What this task involves:
The answer should hold only the lines from the one containing "Tu le sais, tous" through the one containing "Zu jedem Onesie" in the entries below, copied exactly, without pictures.

Provided data:
※
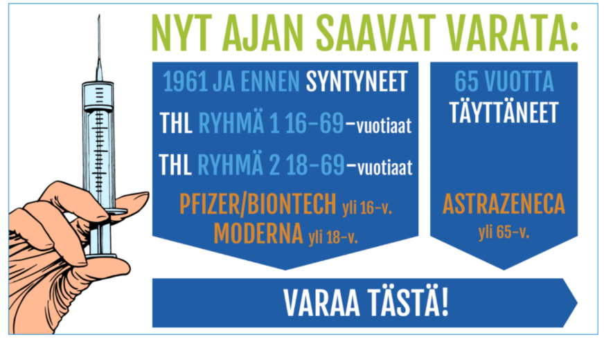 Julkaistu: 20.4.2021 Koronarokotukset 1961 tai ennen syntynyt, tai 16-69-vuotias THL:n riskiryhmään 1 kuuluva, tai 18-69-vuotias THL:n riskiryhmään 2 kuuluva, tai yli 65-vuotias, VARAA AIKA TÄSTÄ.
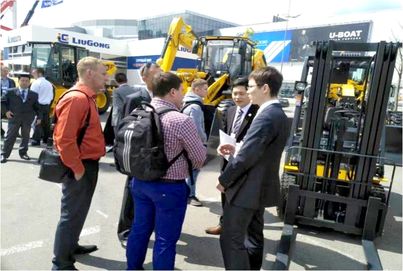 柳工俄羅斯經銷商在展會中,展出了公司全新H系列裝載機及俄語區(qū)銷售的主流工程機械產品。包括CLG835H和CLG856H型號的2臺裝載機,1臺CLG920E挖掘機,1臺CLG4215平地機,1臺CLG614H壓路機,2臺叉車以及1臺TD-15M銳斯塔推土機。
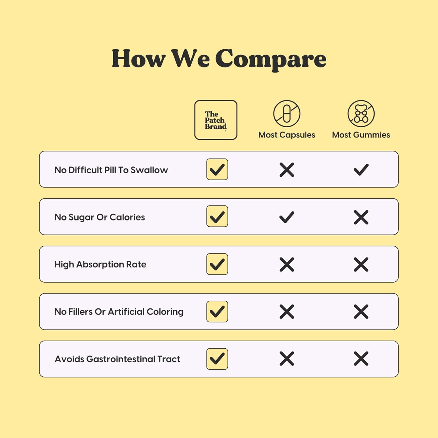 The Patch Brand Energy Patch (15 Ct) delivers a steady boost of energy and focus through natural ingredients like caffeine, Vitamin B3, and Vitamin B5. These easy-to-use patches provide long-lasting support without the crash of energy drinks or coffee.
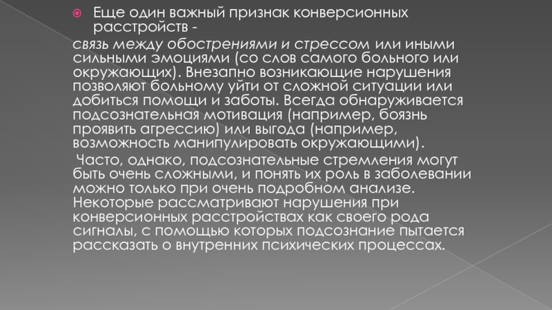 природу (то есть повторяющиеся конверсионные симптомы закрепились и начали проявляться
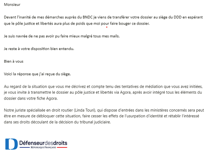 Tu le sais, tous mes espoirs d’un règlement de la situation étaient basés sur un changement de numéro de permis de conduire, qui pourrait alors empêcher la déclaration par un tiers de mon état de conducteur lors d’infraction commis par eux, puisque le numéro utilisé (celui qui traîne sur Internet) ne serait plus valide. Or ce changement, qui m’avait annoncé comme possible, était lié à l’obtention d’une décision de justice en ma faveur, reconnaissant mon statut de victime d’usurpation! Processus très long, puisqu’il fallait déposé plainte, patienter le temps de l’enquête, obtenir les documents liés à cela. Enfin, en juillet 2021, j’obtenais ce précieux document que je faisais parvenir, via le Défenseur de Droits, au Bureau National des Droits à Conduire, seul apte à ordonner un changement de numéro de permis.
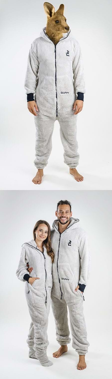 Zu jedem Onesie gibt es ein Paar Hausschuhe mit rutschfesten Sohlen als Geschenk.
※
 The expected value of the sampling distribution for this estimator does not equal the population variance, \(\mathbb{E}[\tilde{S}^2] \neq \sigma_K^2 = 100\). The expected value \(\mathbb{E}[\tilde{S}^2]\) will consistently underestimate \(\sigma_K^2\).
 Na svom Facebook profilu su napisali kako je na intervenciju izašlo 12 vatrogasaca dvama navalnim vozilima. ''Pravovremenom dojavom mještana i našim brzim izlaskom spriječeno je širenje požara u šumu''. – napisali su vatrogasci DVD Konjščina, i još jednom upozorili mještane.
※
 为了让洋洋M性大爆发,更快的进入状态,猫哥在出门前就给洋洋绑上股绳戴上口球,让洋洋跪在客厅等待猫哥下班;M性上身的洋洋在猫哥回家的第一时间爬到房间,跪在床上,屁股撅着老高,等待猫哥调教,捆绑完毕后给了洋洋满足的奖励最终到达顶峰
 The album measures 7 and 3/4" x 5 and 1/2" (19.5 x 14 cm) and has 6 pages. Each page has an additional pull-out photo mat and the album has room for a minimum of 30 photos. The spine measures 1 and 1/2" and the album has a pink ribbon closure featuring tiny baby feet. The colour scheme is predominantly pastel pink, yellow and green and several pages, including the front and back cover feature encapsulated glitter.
※
Exercise solution:
 Tu le sais, tous mes espoirs d’un règlement de la situation étaient basés sur un changement de numéro de permis de conduire, qui pourrait alors empêcher la déclaration par un tiers de mon état de conducteur lors d’infraction commis par eux, puisque le numéro utilisé (celui qui traîne sur Internet) ne serait plus valide. Or ce changement, qui m’avait annoncé comme possible, était lié à l’obtention d’une décision de justice en ma faveur, reconnaissant mon statut de victime d’usurpation! Processus très long, puisqu’il fallait déposé plainte, patienter le temps de l’enquête, obtenir les documents liés à cela. Enfin, en juillet 2021, j’obtenais ce précieux document que je faisais parvenir, via le Défenseur de Droits, au Bureau National des Droits à Conduire, seul apte à ordonner un changement de numéro de permis.
 Zu jedem Onesie gibt es ein Paar Hausschuhe mit rutschfesten Sohlen als Geschenk.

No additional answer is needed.